• _What you will do_
Leaving the pictures aside, transcribe only and exactly the lines from the one with "925 Silver 3" through the end of the entries, both included.
━━━━━━
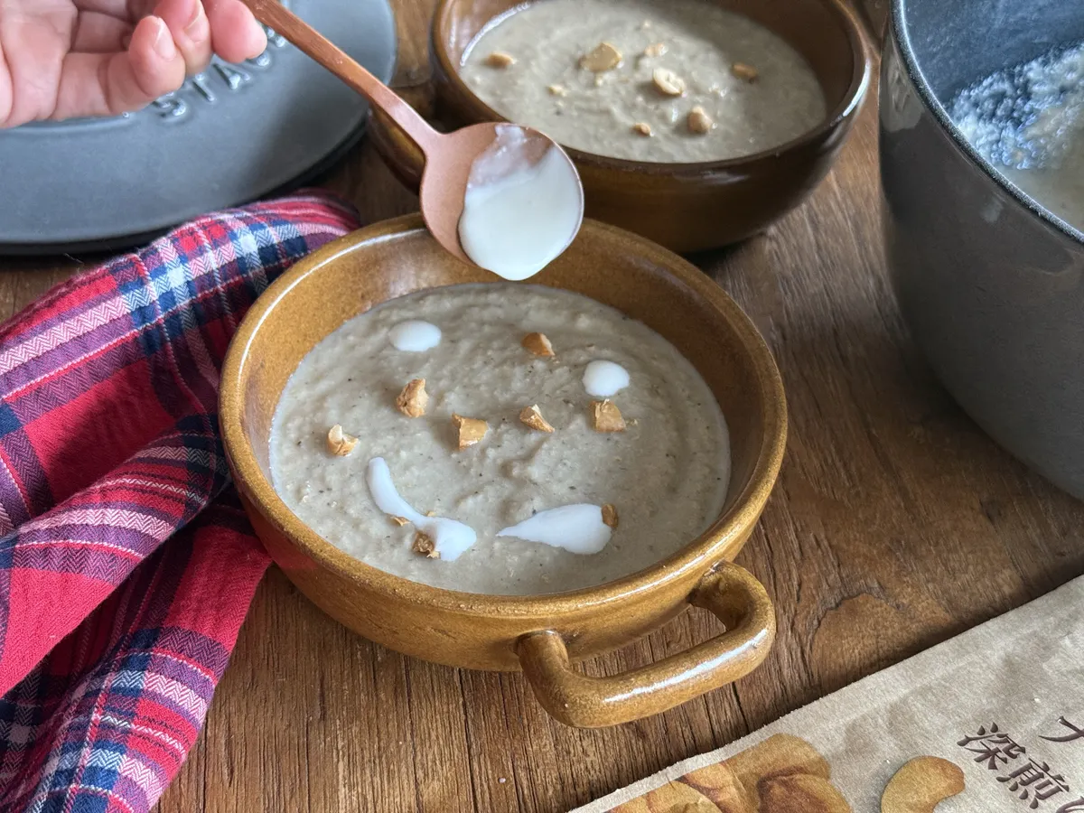 【デルタウンキッチン】冬の体を温める「きのこカシューのポタージュ」
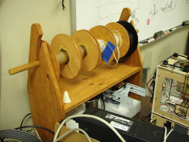 Así que esto es el producto final, carretes y todo. Debo señalar que ni los carretes ni la cremallera están diseñados para cargas pesadas. El plástico ABS que utiliza el Makerbot es ligero y elástico y la velocidad de avance es más lenta. Considero diferentes técnicas para todo esto si vas a usar algo como esto para alambre pesado.
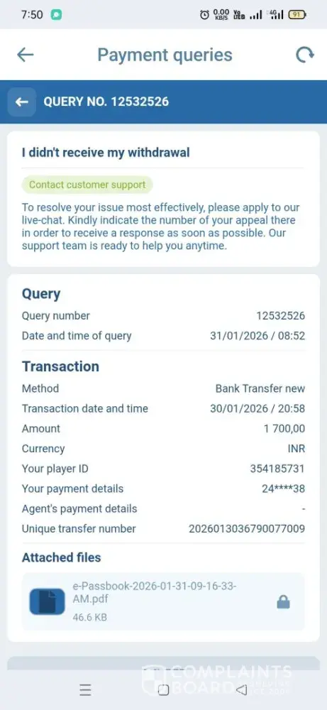 I would like to raise a complaint regarding my withdrawal transaction. My 1xBet Account No is [protected] and Username is SMRUTI86. Last night I placed a withdrawal request of Rs.1700 to my savings bank account. Today morning at 8:04 AM, your operator confirmed that the transaction was successfully completed. However, till now the amount has not been credited to my bank account. This delay is causing inconvenience and concern. Kindly verify the transaction status at your end and resolve this issue at the earliest by ensuring the amount is credited or providing proper transaction details. I request your prompt support in this matter.
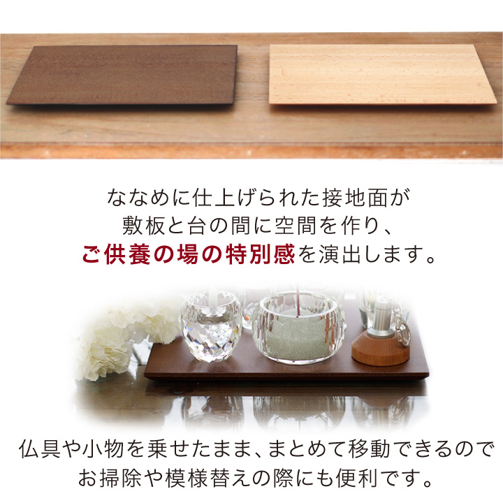 国産木でお作りした、仏具やお位牌を飾るための敷板です。
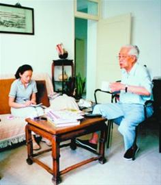 9時整,我輕輕叩開了華老的房門,開門的是華老的兒子。走進客廳,上穿靠色汗衫、下著同色系便褲,鬢發(fā)雪白、氣色卻不錯的華老正等候我們的到來,熱情地給我們讓了座。
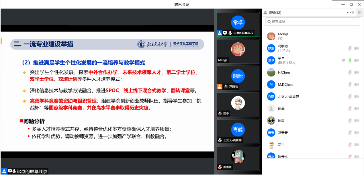 艾渤传达了张宏科院士和钟章队教授对电子信息类学科建设、本研人才培养的意见和建议,谈振辉、张思东、王均宏、王海波就工程教育、教学团队建设、办学定位、教学方针、评价指标与内涵建设关系、学生创新实践能力培养等问题进行了发言,陈后金线上介绍了参与学科、专业建设的经验和建议,邓涛介绍了本科生院在课程、教材、团队等内涵建设工作中的思路和关注重点。
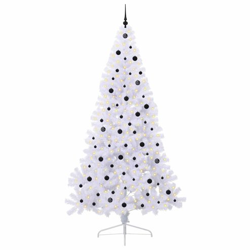 Dieser künstliche Weihnachtsbaum ist eine schicke Ergänzung für alle, die die Schönheit der festlichen Saison in traditionellen und modernen Umgebungen lieben. Mit einer Höhe von 240 cm ist der kegelförmige Baum schlicht und funktional und bietet eine minimalistische Silhouette, die die Aufmerksamkeit auf deine ausgewählten Ornamente lenkt. Sein moderner Stil passt zu vielen Deko-Themen und macht ihn zu einem vielseitigen Highlight für Wohnzimmer, Gärten oder Terrassen. Der Baum aus PVC ist robust und ideal für die saisonale Nutzung. Abriebfestes Material: Der Weihnachtsbaum ist aus einer Mischung aus PVC und Stahl gefertigt, was ihn langlebig und widerstandsfähig macht. Das PVC schützt den Baum hervorragend vor Abnutzung, sodass er auch nach vielen Feiern lebendig bleibt. Der stabile Stahlständer sorgt dafür, dass der Baum gut steht. Dynamische Beleuchtung: Der künstliche Weihnachtsbaum hat ein LED-Lichterketten-System, das ein spektakuläres, dynamisches Lichtmuster erzeugt. Die wechselnden Farben und Muster steigern die festliche Stimmung und schaffen eine lebendige Atmosphäre für Feiern. Die LED-Lichter sind energieeffizient und fesselnd und passen perfekt zu modernen Deko-Bedürfnissen. USB-Anschluss: Der Baum hat eine USB-Stromversorgung, die das Kabelsalat-Problem von normalen Steckdosen vermeidet. Er bietet einen universellen Anschluss, der die Nutzung vereinfacht und eine stetige Stromversorgung für die LED-Lichter gewährleistet. Diese moderne Lösung macht alles bequemer. Vielseitige Verwendung: Der Baum kann drinnen und in geschützten Außenbereichen verwendet werden und passt sich verschiedenen Umgebungen an. Sein modernes Design passt zu zeitgenössischen Stilen und macht ihn zur idealen Wahl für Wohnzimmer, Terrassen oder festliche Gartenbereiche. So bleibt die Atmosphäre an Feiertagen überall stimmig. Montage und Pflege: Der Aufbau des Baumes ist ganz einfach, wenn du die Anweisungen befolgst. Mit zwei Personen und einem Schraubendreher ist die Zusammenstellung schnell und stabil erledigt. Die Pflege könnte nicht einfacher sein: einfach gelegentlich mit einem trockenen Tuch abwischen, um das Aussehen zu bewahren, ganz ohne aggressive Chemikalien. ** Farbe: Weiß ** Material: PVC und Stahl ** Baumhöhe: 240 cm ** Durchmesser unten: 125 cm ** Langlebig ** Anzahl der PVC-Spitzen: 1050 ** Lichttyp: LED-Lichterketten ** Farbe der Lichter: Schwarz ** Anzahl der LEDs: 300 ** Abstand zwischen LEDs: 10 cm ** LED-Blitzmodi: 8 ** Stromquelle: USB ** Batterien inklusive: Nein ** Spannung: 5 ** Innen- / Außenbereich: Verwendung im Innenbereich und geschützten Außenbereich ** Montage erforderlich: Ja ** Lieferumfang: ** 1 x Weihnachtsbaum ** 1 x Ständer ** 1 x LED-Lichterkette
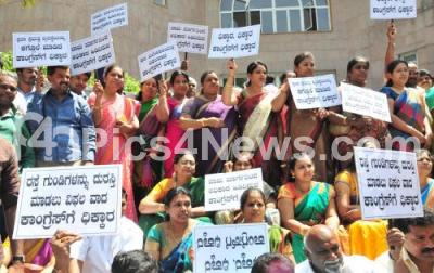 BJP BBMP Councilors protesting in front of BBMP office against Congress Government, in Bengaluru on Monday 28th September 2015
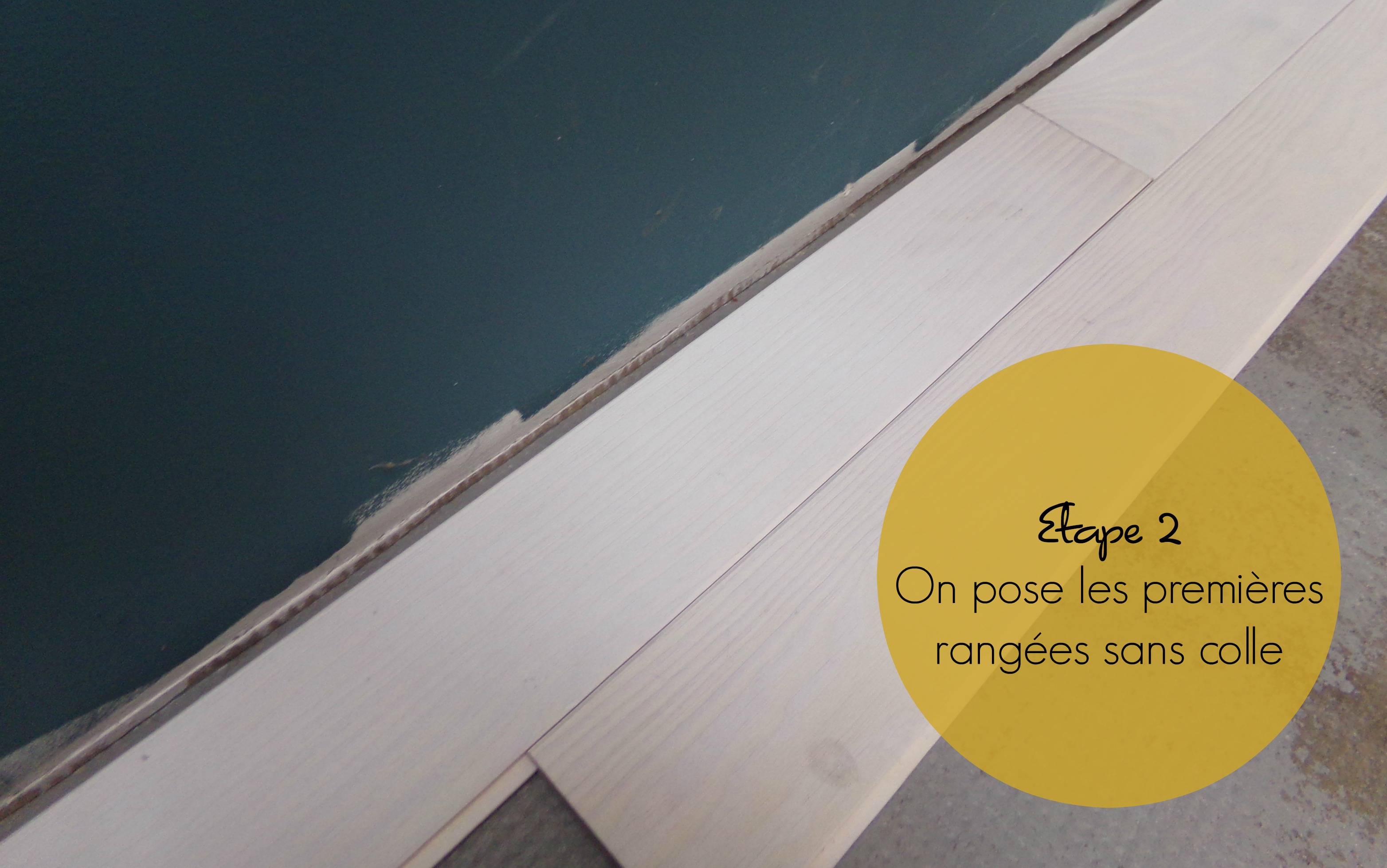 Une fois que les 2 premières rangées sont posées, il suffit de poser le reste de la surface de la même manière, deux rangées par deux rangées. Cela évite que la colle sèche et vous laisse le temps de faire les découpes tranquillement. N'oubliez pas de laisser 8 à 10 mm tout autour de votre pièce pour la dilatation du bois.
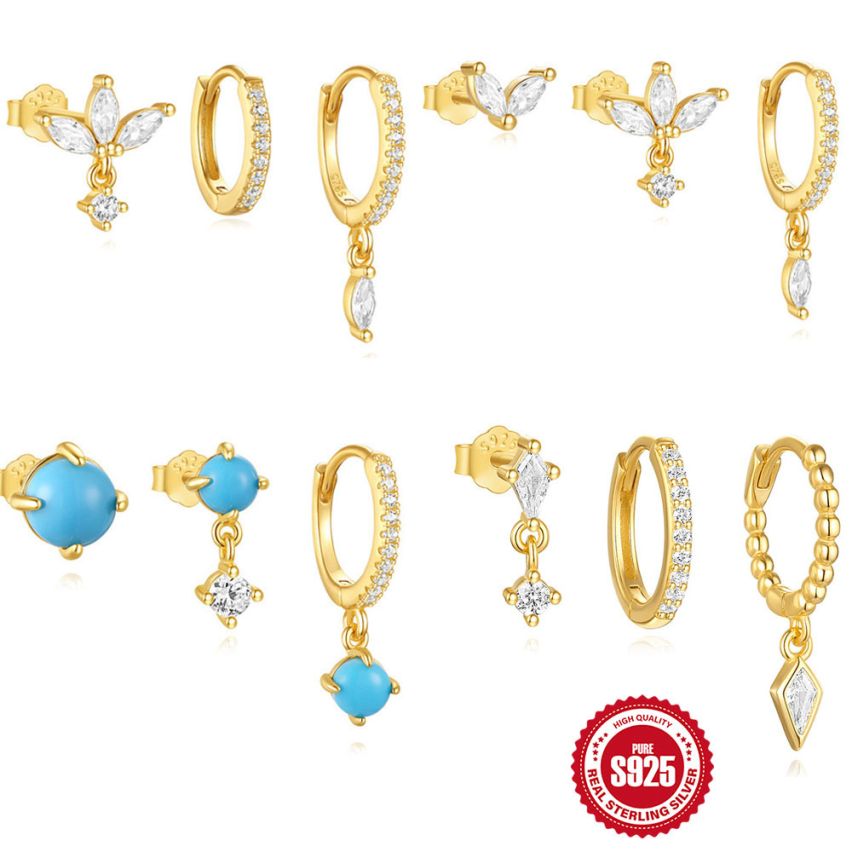 925 Silver 3 galvanization layers Gold Plating Zircon Sets Earrings 1.8g
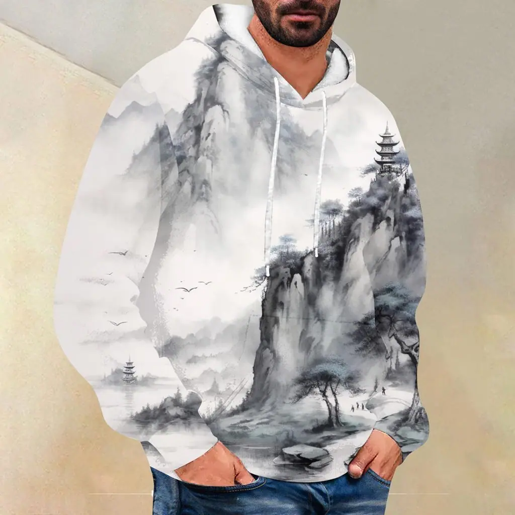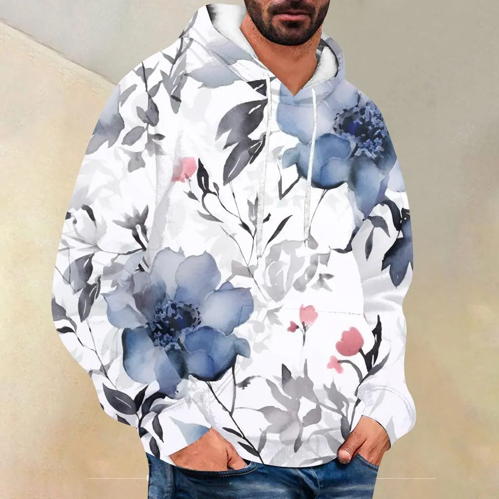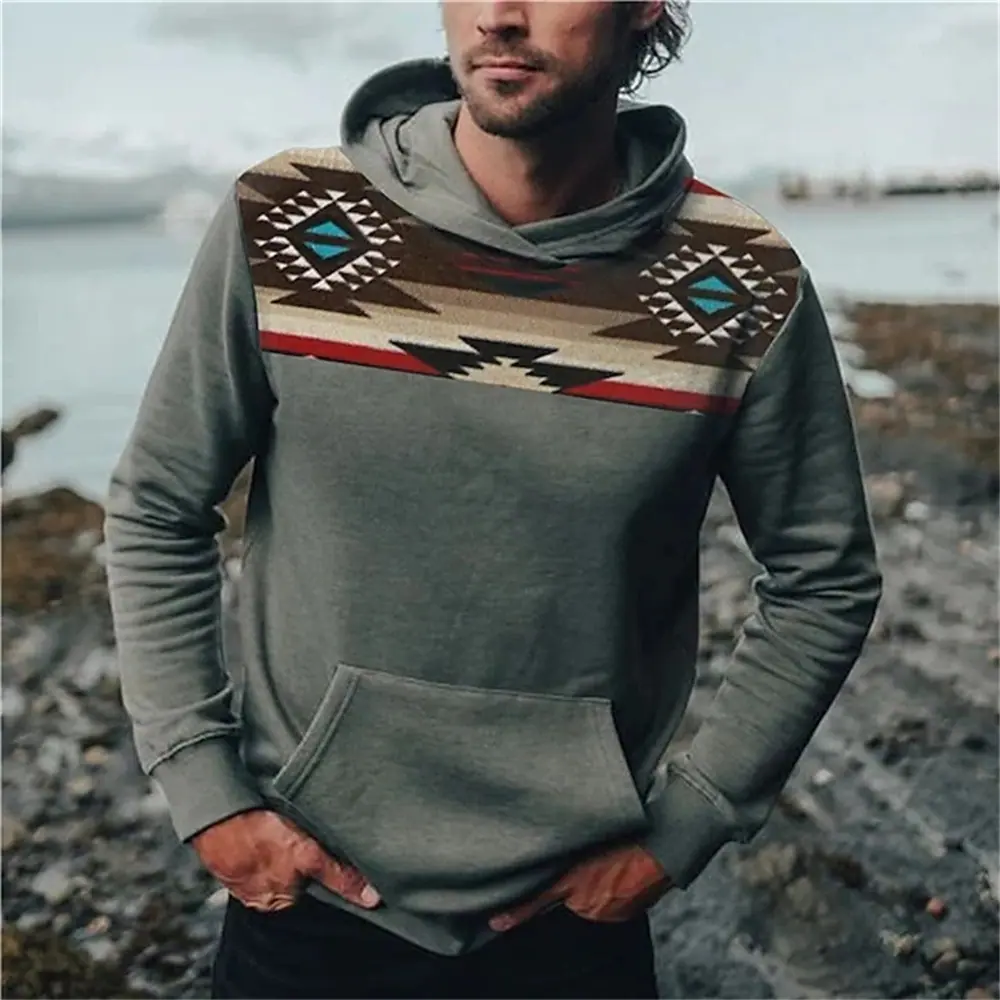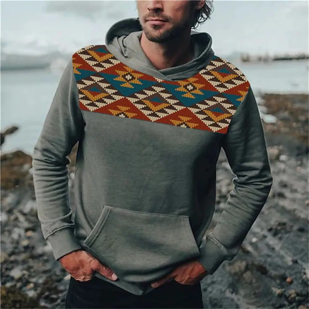 Moletom com capuz novo de outono e inverno masculino transfronteiriço, xadrez geométrico, estampa 3D, pulôver, moletom de manga comprida, moletom com capuz masculino
━━━━━━
• _Response to the task_
 925 Silver 3 galvanization layers Gold Plating Zircon Sets Earrings 1.8g
 Moletom com capuz novo de outono e inverno masculino transfronteiriço, xadrez geométrico, estampa 3D, pulôver, moletom de manga comprida, moletom com capuz masculino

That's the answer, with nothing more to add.